EXERCISE DETAILS:
What you need to produce from the material below is an exact transcription of the lines from the one with "15. Assign the" through the one with "中国有色金属工业协会最新公布", both included, and no other line.

DATA FOR THE TASK:
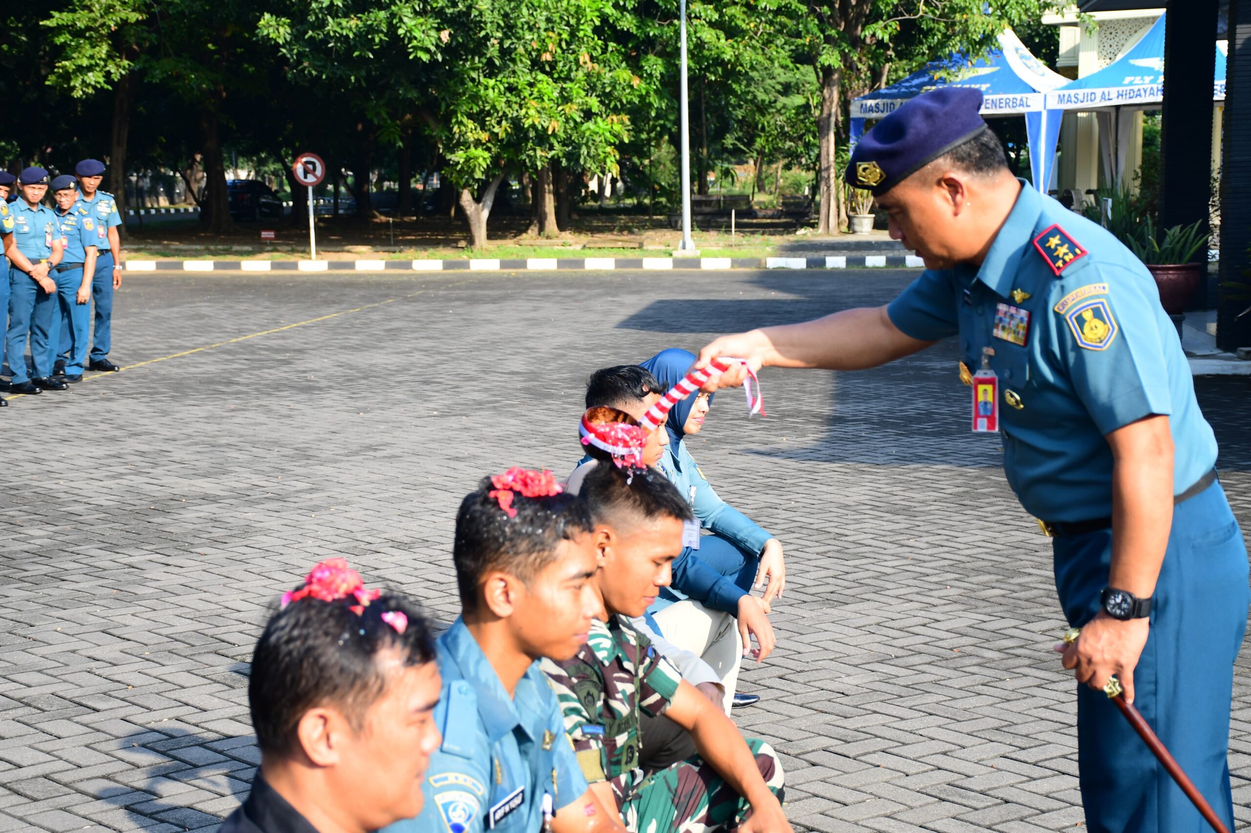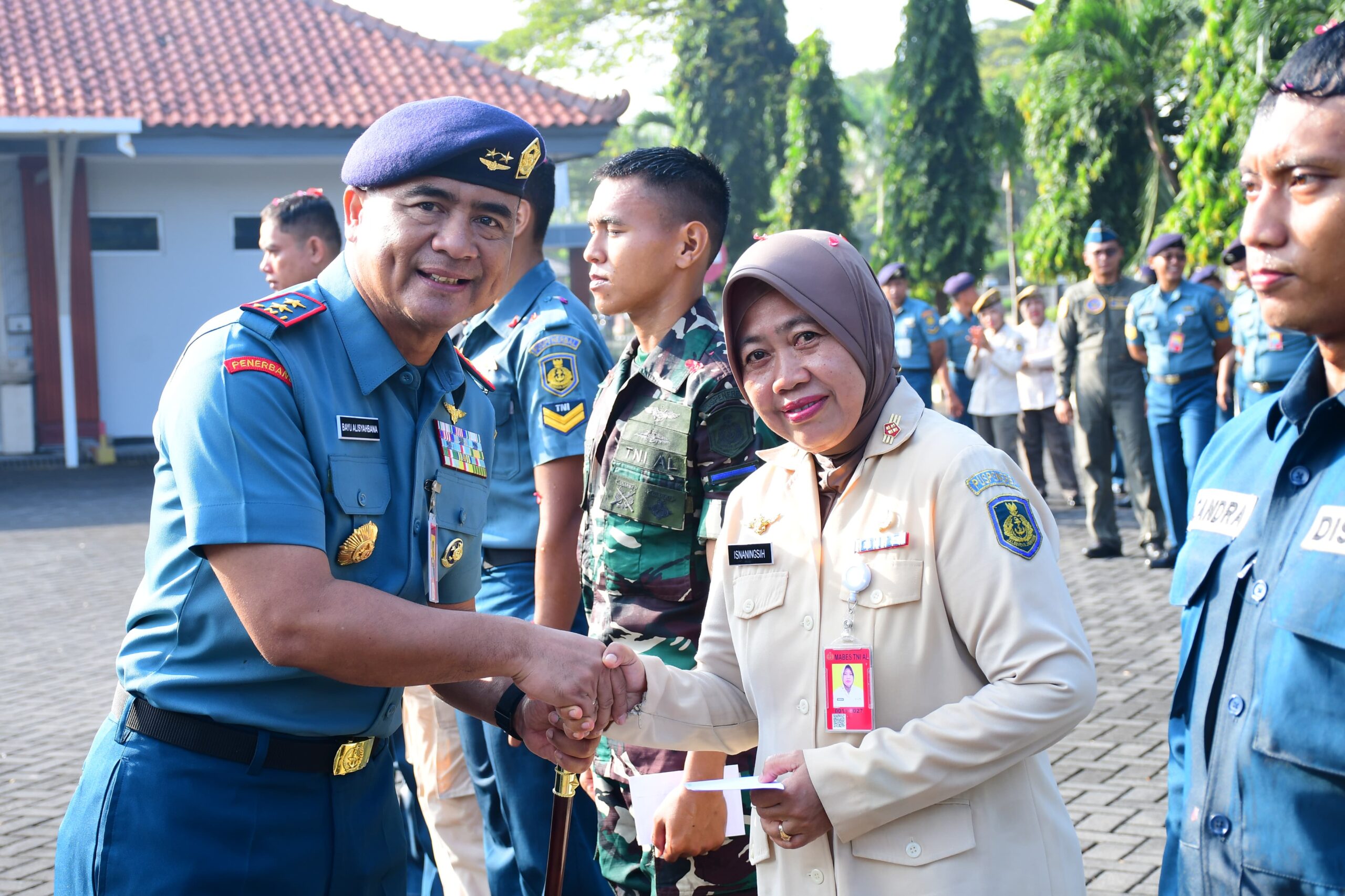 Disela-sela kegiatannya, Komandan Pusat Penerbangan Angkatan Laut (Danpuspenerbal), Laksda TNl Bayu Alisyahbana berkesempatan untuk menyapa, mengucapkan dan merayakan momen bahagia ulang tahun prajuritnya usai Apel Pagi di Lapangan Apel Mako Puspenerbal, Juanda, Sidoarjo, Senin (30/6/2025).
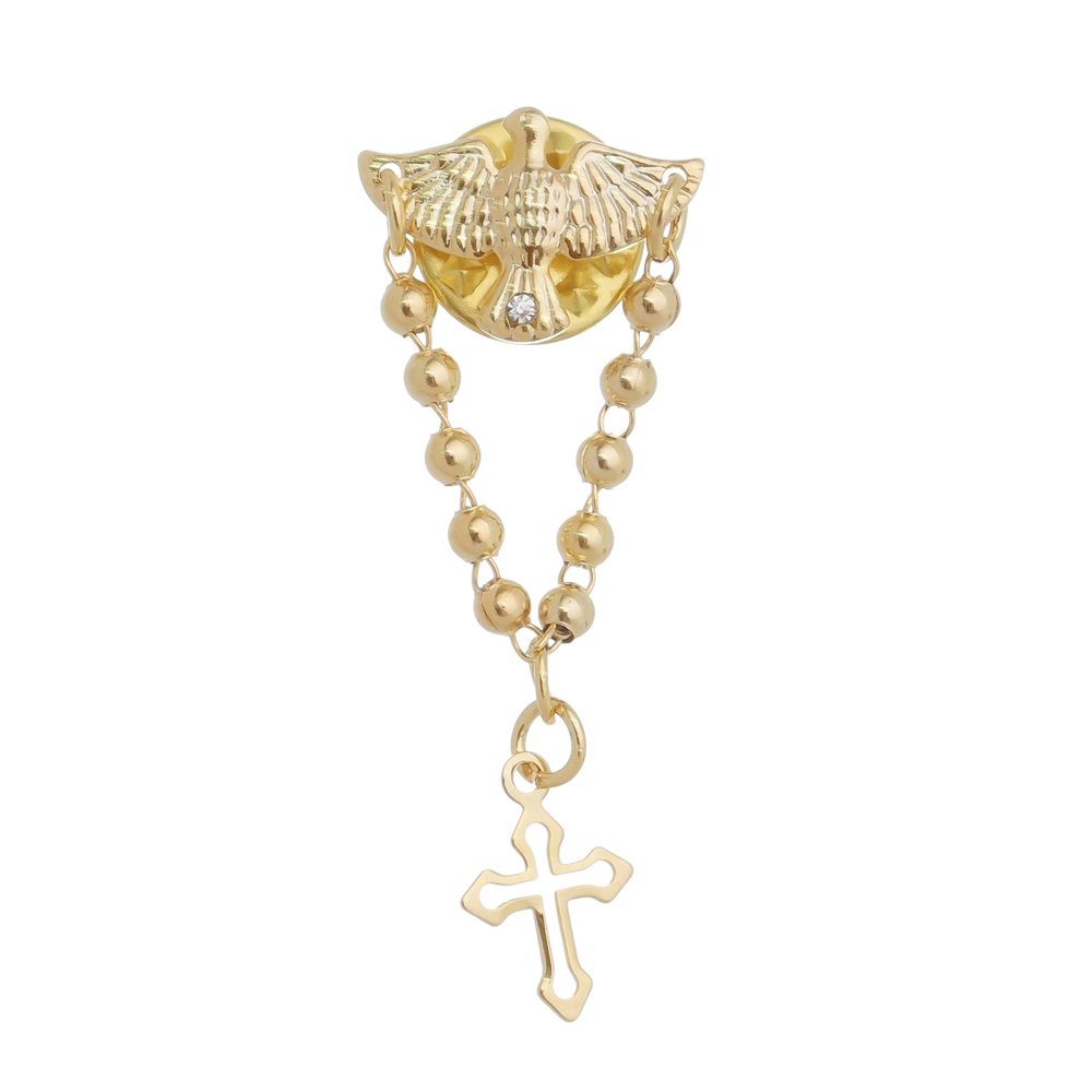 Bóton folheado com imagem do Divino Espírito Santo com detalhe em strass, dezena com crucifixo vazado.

---

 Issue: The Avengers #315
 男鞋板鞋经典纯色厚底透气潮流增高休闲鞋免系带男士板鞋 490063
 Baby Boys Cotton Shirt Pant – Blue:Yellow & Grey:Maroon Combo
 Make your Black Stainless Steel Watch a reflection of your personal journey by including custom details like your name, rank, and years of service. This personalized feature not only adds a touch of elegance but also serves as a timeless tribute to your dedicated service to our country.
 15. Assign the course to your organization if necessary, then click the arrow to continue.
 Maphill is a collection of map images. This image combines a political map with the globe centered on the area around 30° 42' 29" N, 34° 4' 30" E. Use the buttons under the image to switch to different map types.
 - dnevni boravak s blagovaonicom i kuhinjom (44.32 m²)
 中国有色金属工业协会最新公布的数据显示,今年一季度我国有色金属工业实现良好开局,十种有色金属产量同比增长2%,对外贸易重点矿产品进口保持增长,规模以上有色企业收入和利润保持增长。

THE ANSWER:
 15. Assign the course to your organization if necessary, then click the arrow to continue.
 Maphill is a collection of map images. This image combines a political map with the globe centered on the area around 30° 42' 29" N, 34° 4' 30" E. Use the buttons under the image to switch to different map types.
 - dnevni boravak s blagovaonicom i kuhinjom (44.32 m²)
 中国有色金属工业协会最新公布的数据显示,今年一季度我国有色金属工业实现良好开局,十种有色金属产量同比增长2%,对外贸易重点矿产品进口保持增长,规模以上有色企业收入和利润保持增长。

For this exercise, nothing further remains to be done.